Objectives. To characterize the immunotherapeutic effect of those hydroxyapatite-based vaccines using different rodent cancer experimental models including humanized murine model xenografted with patient-derived tumors. To identify universal biological markers to predict response to this personalized cancer treatment. To establish grounds to initiate a pilot phase 1 clinical trial study.
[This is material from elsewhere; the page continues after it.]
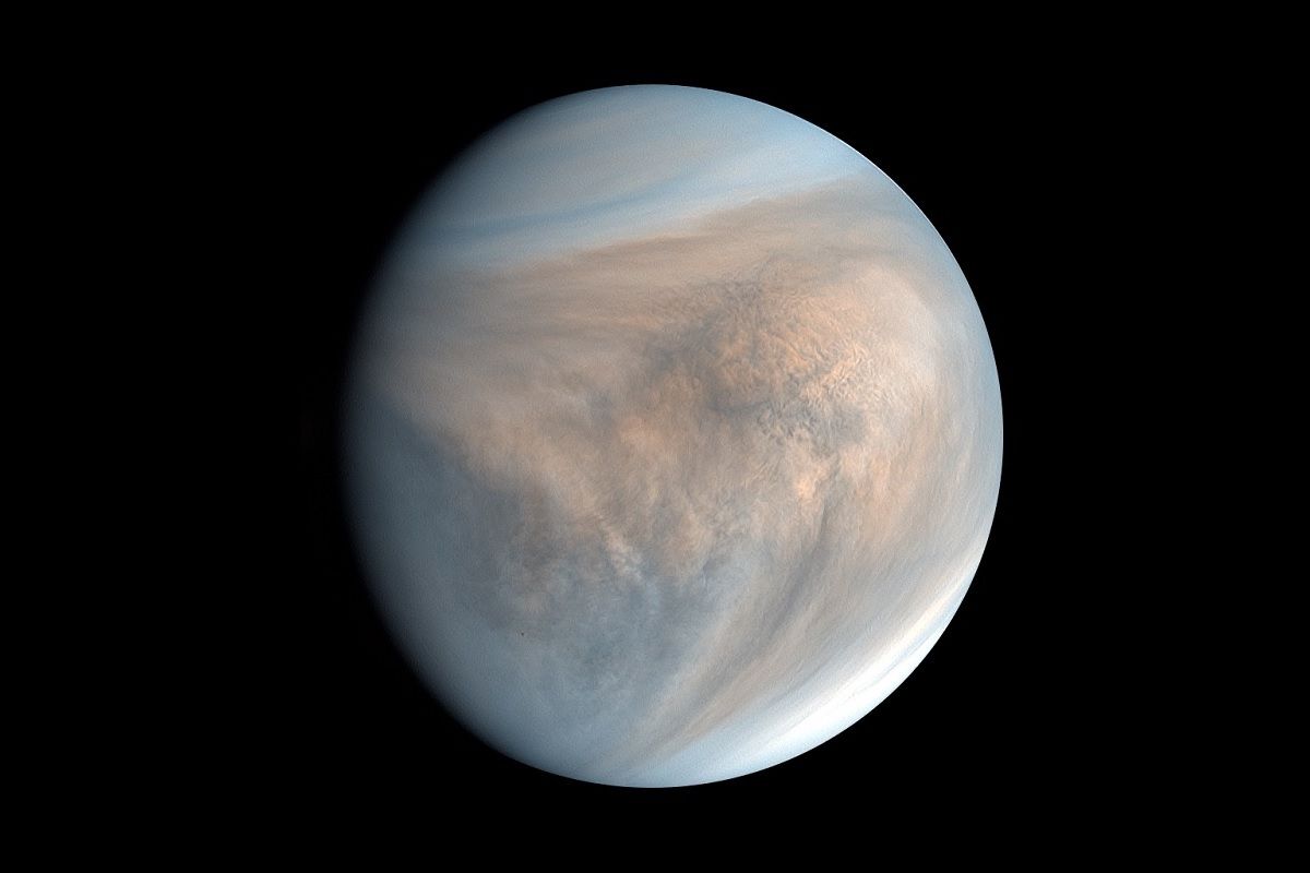 宇宙航空研究開発機構(JAXA)宇宙科学研究所(ISAS)の金星探査機「あかつき」が紫外線で捉えた金星の昼面の合成擬似カラー画像。全体を覆う硫酸でできた雲の高度約70 kmにある雲頂付近を観測していると考えられている。あかつきに搭載の紫外線カメラUVIで2016年12月23日に撮影(ISAS/JAXA)

Rational. IAPs (inhibitors of apoptosis) constitute an evolutionary conserved family of proteins, discovered in baculovirus as potent inhibitors of apoptosis in infected insect cells (Gyrd-Hansen et al. Nat. Rev. 2010). Among IAPs, cIAP1 is an E3-ubiquitin ligase with oncogenic properties. Thanks to its E3-ubiquitine ligase activity, it has the capacity of modulate the stability, activity and the interaction network of its protein partners. It is thus able to control the duration and intensity of signaling pathways, allowing cells to adapt to changing environment and to cope with intracellular and extracellular stresses. We demonstrated that cIAP1 is expressed both in the nucleus and cytoplasm and we identified novel protein partners. We also demonstrated that alterations in cIAP1 expression in different tumor samples and demonstrated oncogenic properties in mice (Marivin et al. Oncogene 2014, Glorian et al. CDDi 2017, Allègre et al. PlosONE 2018, Tencer et al. Nat Struct Cell Biol in revision).
The Objective is to assess the oncogenic properties of cIAP1, determine its nuclear functions, analyze its role in regulating several signaling pathway (for example TGFβ signaling pathways), develop specific inhibitors and evaluate their efficacy in the treatment of tumor and fibrosis.